Wherein I occasionally rant on various topics including, but not limited to, PHP, Music, and whatever other Topics I find interesting at the moment, including my brain tumor surgery of August 2010.

Monday, June 04, 2012

[Bleep]y Error Messages

[Bleep]y Error Messages.
(My daughters might read this blog, so I need to keep it G audience.)

I encountered yet another useless error message today.

Not that I've blogged before about this, but any developer, any user has experienced this, so I mean yet another useless error message from the corpus of all useless error messages inflicted upon any user anywhere, any time.

And they are legion.

So I won't point out the specific vendor/software/whatever.  I'll just rant about what makes a GOOD error message.

Are you smarter than a 5th grader?

Maybe it was just my school, but we learned the basic Journalism/Essay rules in 5th grade:

  • Who
  • What
  • Where
  • When
  • Why

5th Grade. Five Ws.

Let's apply this to Error Messages:


Exactly WHO is throwing this error message at me?
For some kind of device, like coffee maker, router, car, ok, this should be obvious.
Some routers have mini-web-servers built in, so maybe not...
Maybe the coffee-maker has different components.
Certainly today's cars are complicated enough.
At any rate, all the software/hardware involved should identify WHO they are in the error message:
  • OS Error: Permission Denied.
  • MySQL  Error: Permission Denied.
  • PHP Error: Permission Denied.
  • XYZ (application) Error: Permission Denied.
Every one of those would require radically different approaches to diagnose and correct.

If you, the software/hardware developer are bubbling up or passing on error messages, or to be kosher to an end user, suppressing the error message in favor of a "Something Went Wrong" error message, and logging the real message somewhere for Developers to look at, you still can at least tell the end user WHO is throwing the error message.

Even if you want to hide the inner implementation (E.g. particular Database vendor), at least tell me it's a database error that went wrong!

As a user, I can make an educated guess what course of action to take, or whom to contact within your/my/our organization.

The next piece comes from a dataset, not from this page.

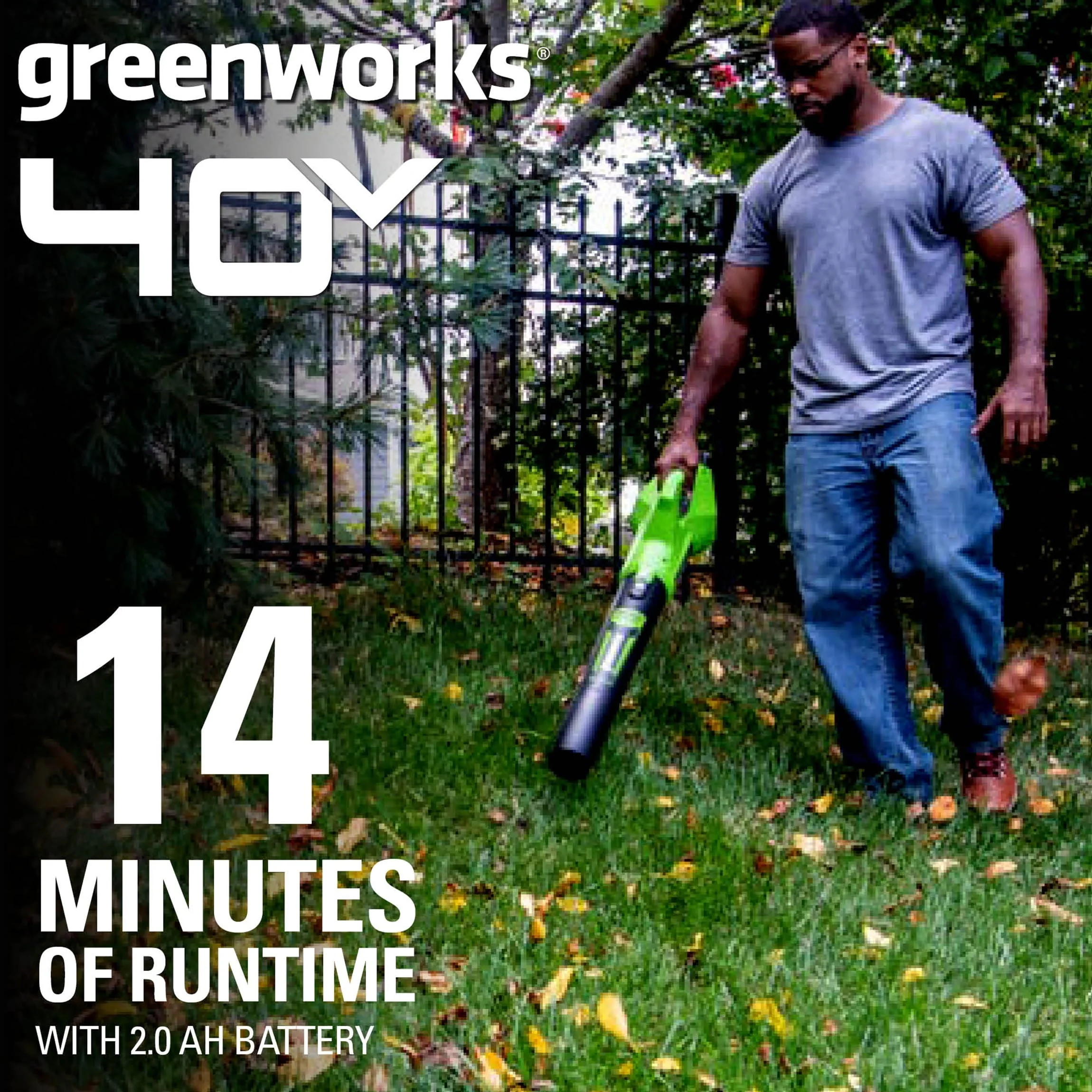 • Greenworks 40V 350 CFM Leaf Blower with 2.0 Ah Battery, 2412002

And if the error message is for a Developer or needn't be masked for Security, I need to know who is throwing the error message.

Today's systems are too complex and too many error messages are being passed through, with all context lost.


What exactly went wrong? I need context. I'm not knee-deep into your code, hardware, architecture. I need enough context that I can figure out what actually happened, from Square One of knowledge.

All too often you find an error message that makes zero sense to anybody not intimately familiar with the software.


I don't need just filename, I need the line number.
I don't need just filename, I need the full path.
In all probability, whatever you choose for a filename is going to be used by somebody else as well.
Let me know exactly where the error originates.
Is it configuration?  Business logic? Resources?


I can read the calendar and a clock, so if the error is in real-time, I don't mean that.
Even for an asynchronous error  generated/read, I still need...
When did this error occur relative to what the software was trying to do.
Was it reading the disk, writing to RAM, reading an RSS feed, or trying to feed the pigeons.
I can't begin to diagnose what went wrong with whatever you were doing if I don't know when it happened, relative to your workflow.


Why are we here? Not in a philosophical sense,  but why is this an error in the first place? Why do you need whatever you need to carry on what you are doing? Maybe your idea of the one true source of what you need doesn't match mine. Perhaps I can provide an alternate source.

And a bonus one:


If you're going to tell me something went wrong, you probably have a pretty good idea what I should do to correct it. So why not tell me what to do next, or at least list some actions that will probably be useful.
Whether I have to sacrifice a rubber chicken or poke a voodoo doll or tighten the wing nut, let me know.  Odds are you already know what I need to do.  Tell me. Don't make me spend an hour googling and researching all about your software/hardware/whatever to find out I only have to turn the amp up to 11.
Give me very specific instructions. If it's really long and complicated, give me the references I need to get the instructions.  Preferably multiple references.  I may not have the user manual.  I may not have Internet access. Don't tell me of only one of the two resources. List both.

Maybe I'm just getting too old and turning into a grumpy old man. But I'm very weary of spending my time researching your error messages because you can't communicate. For the same effort, word-count, whatever, except possible thought on your part, you can give me a better error message.

Maybe you think I'm being lazy.
Maybe you think I should just shut up and take it, just like everybody else.

Maybe you think I'm asking to be spoon-fed everything.

After 20+ years of software development, I've served my time reading [bleep]y error messages and trying to make some sense of them.

What we have here is a failure to communicate.

It's not me.

1 comment:

Unknown said...

As an added bonus, you'll not want to strangle your younger self when you come back to your own code 6 months later.